“Is He Really ..?” The Questions Friends Ask.

Yes.

He really is a cowboy.

Not just a straw hat, cowboy boot, teeny bopper shirt-ish made to look western wearin’  wanna be like many of us know and sometimes are.  But a real cowboy.

Like, hangs out with other cowboys.  Can rope a steer.  Fast.  Shoes horses for a living.  Grew up on a ranch.  Makes a big belt buckle look really good.  Can train your horse, all around cowboy.

………..

Someone, actually a close friend who read the blog for the first time, asked the other night who the Cowboy is.  Like, is he real?  Is it your ex?  Is he fictitious?  (I obviously have not seen this friend in awhile.)  But even people I work with who haven’t met the Cowboy yet I’m pretty sure believe he’s a figment of my imagination.

Don't even try this look if you're not a real cowboy .. I'm pretty sure.

Actually .. any man that has swept me off my feet like this guy and actually kept me interested and happy .. for longer than one date (if they got even that far), they probably think is fictitious.  I’ve been pretty jaded .. and, guarded for what seems now, a very long time.  Waiting for the right person to come along.  Especially because I want to do everything I can to not only protect my own heart after several healthy doses of loss and unhealthy relationships.. but that of my daughters.

But he does exist…

And I don’t know that in the blog, I’ve properly introduced him… If you can actually do that with a person who you will most likely never get to look in the eye, at least here in blog world.  Which I’m still learning.  Real world, he will absolutely connect with you in person. Eye to eye.  And a smile.

………….

There are questions I get asked often.  And that the Cowboy does as well, when we’re out and about and I introduce him to anyone new.

Usually, when any of us, ever first meets someone for the first time we say the standard, Hey, nice to meet you.  And then inadvertently it’s followed up by .. So, what do you do?
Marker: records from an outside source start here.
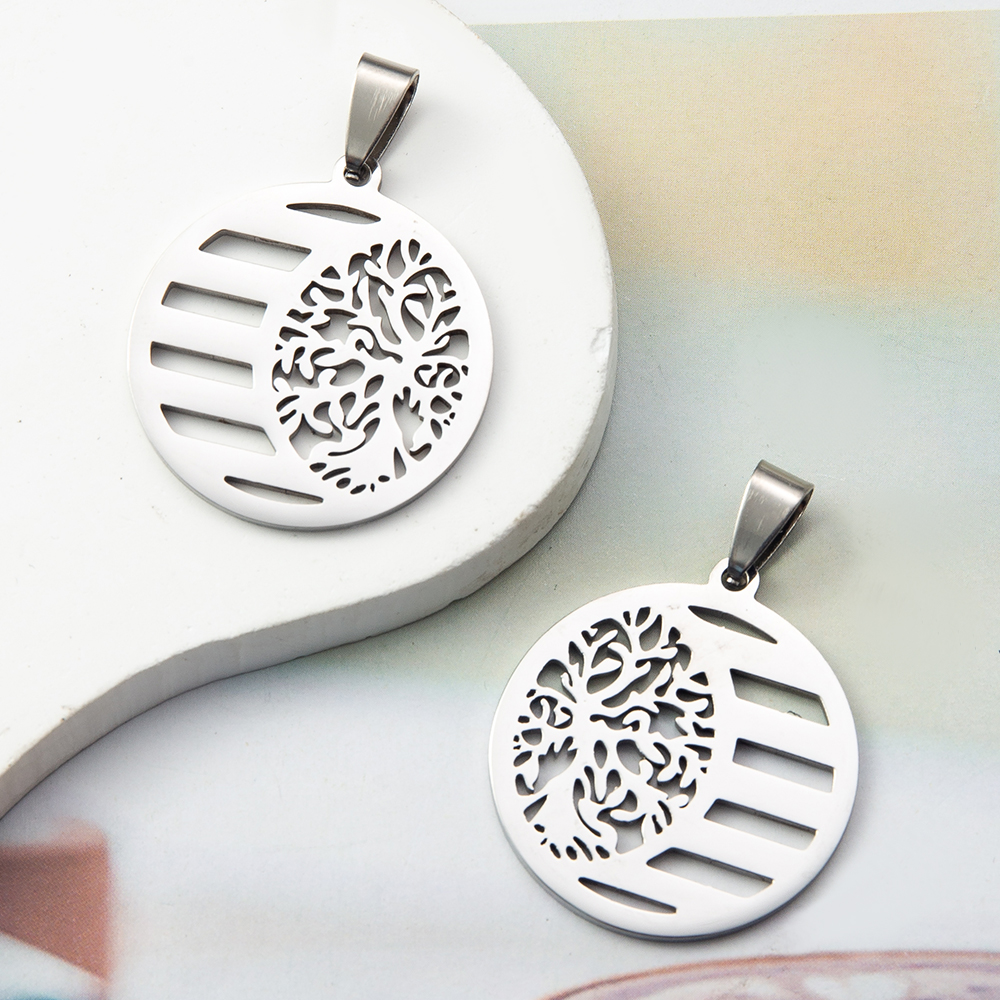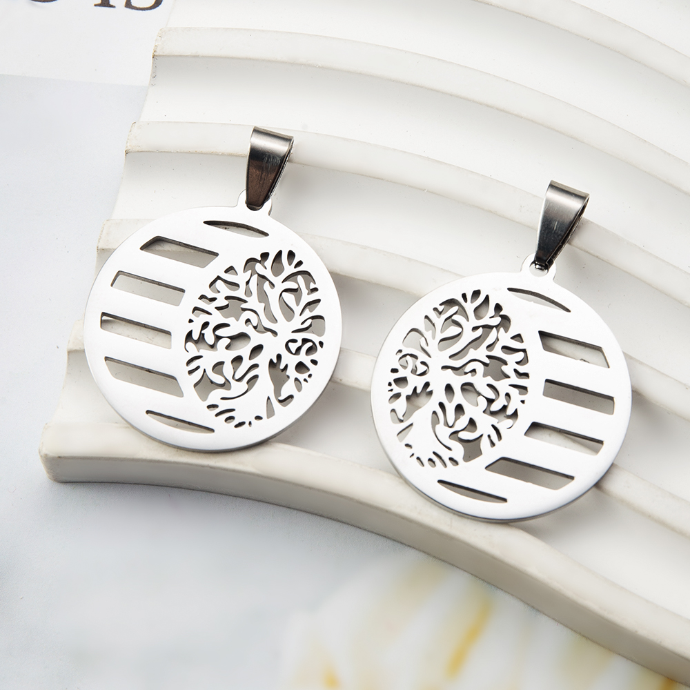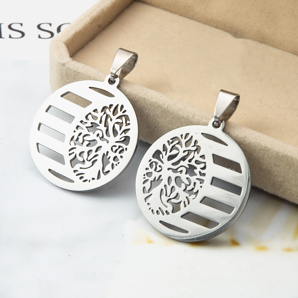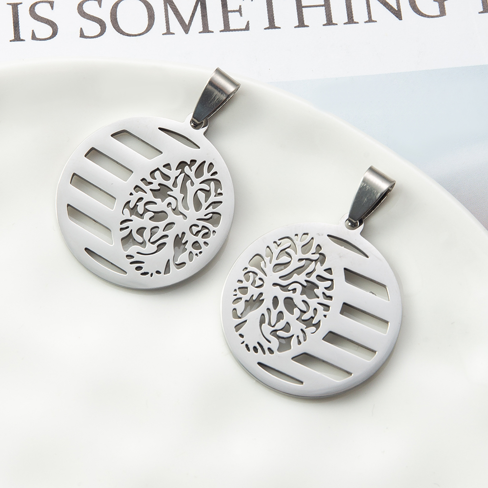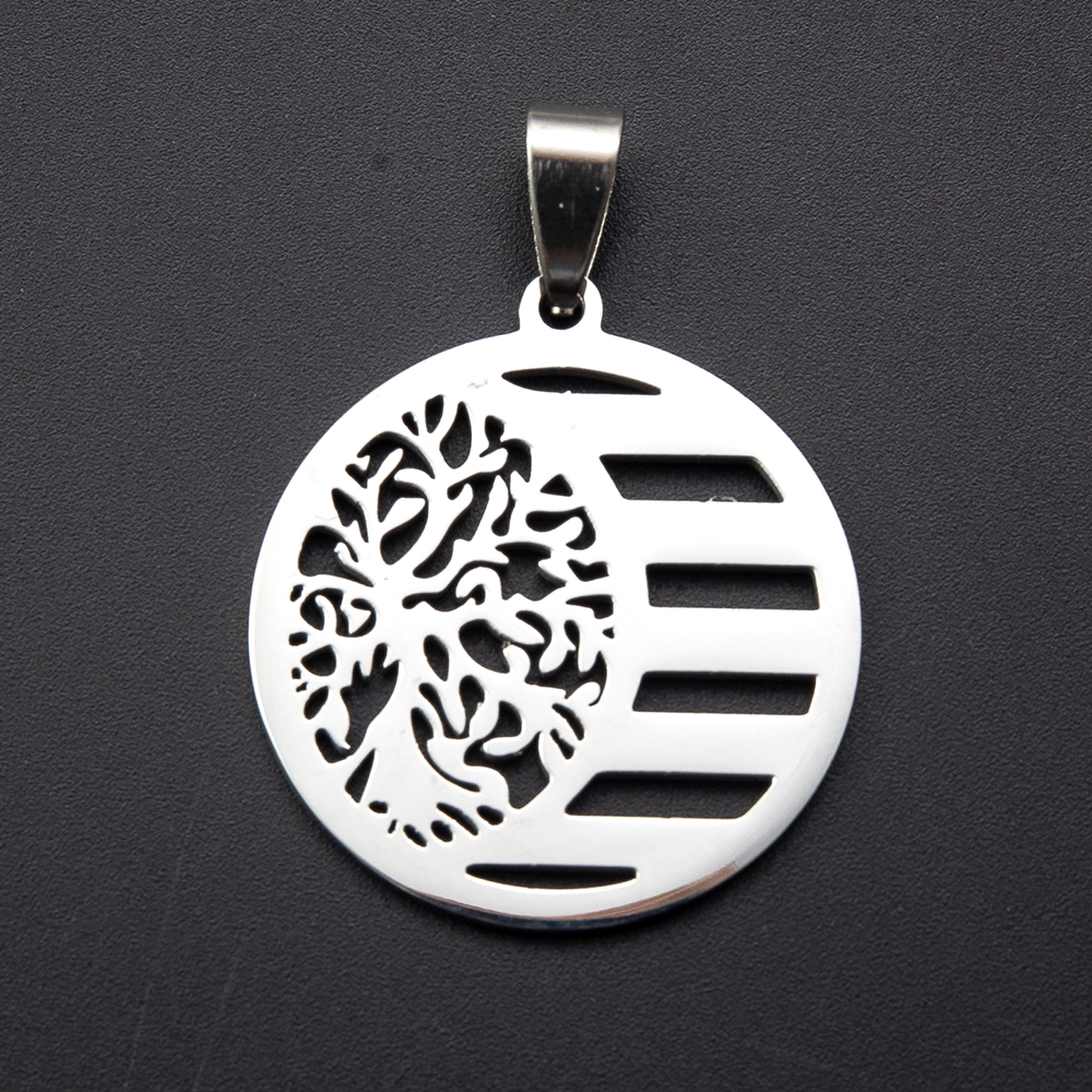 Pendentifs en acier inoxydable, Rond, arbre de la conception de la vie, couleur originale Vendu par PC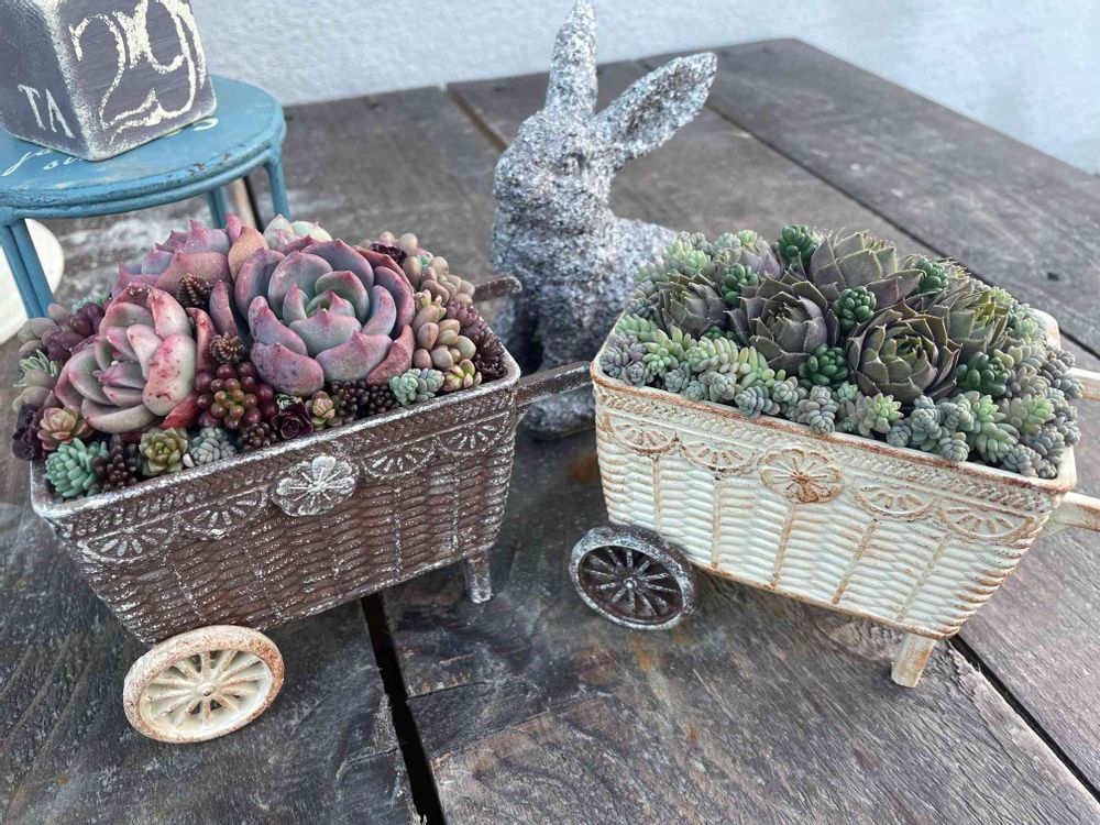 植えている多肉さんのcolorも、それぞれのワゴン合った可愛いさ😍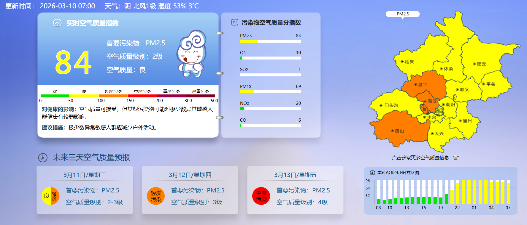 据北京市生态环境监测中心今早7时数据,目前实时空气质量指数84,空气质量良。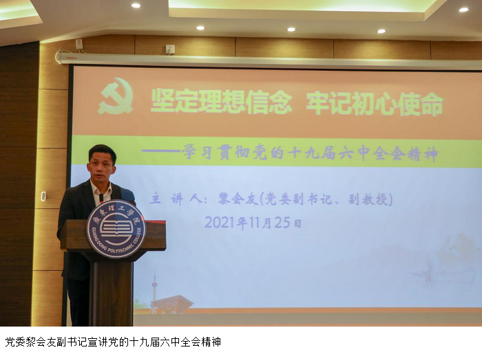本网讯(建设学院 朱斯琪)11月25日下午,校党委副书记黎会友以“坚定理想信念 牢记初心使命——学习贯彻党的十九届六中全会精神”为主题,宣讲党的十九届六中全会精神。建设学院党总支书记周景报主持。经济管理学院、建设学院、会计学院辅导员及学生干部代表参加学习。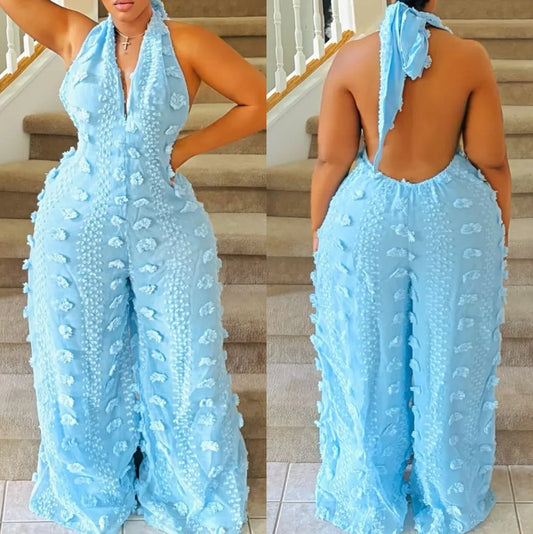 Elegante halter rugloze jumpsuit met borduurwerk Europese stijl
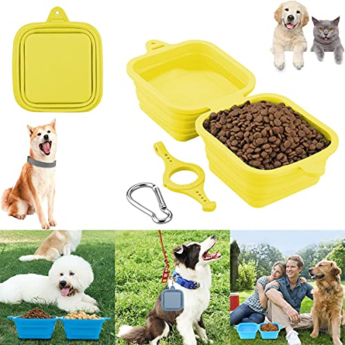 Barrageon Viaggio Ciotole Pieghevoli per Cani e Gatti 2 in 1 Ciotola Animali Portatile Silicone Cibo Acqua Alimenti Mangiatoia All'aperto Portatile Escursionismo Campeggio Quadrato - Giallo

“I’m a farrier,” he Cowboy answers.

(Well sometimes that’s what he says.  He does a lot of things where horses are concerned.  Trains.  Ropes.  But usually, he answers, farrier.)

Old shoes ..

Cowboys and people that know anything about horses then go about talking about cowboy things.  I think.

More often then not though, my non-horse owning/only ever been to South Dakota or out west to see Mount Rushmore or go skiing at some swanky Rocky Mountain resort, who freely say things like ‘lasso’ (see previous post about why this totally outs you as a greenhorn) and like to wear cowboy boots just because they look good friends will say, “A what?”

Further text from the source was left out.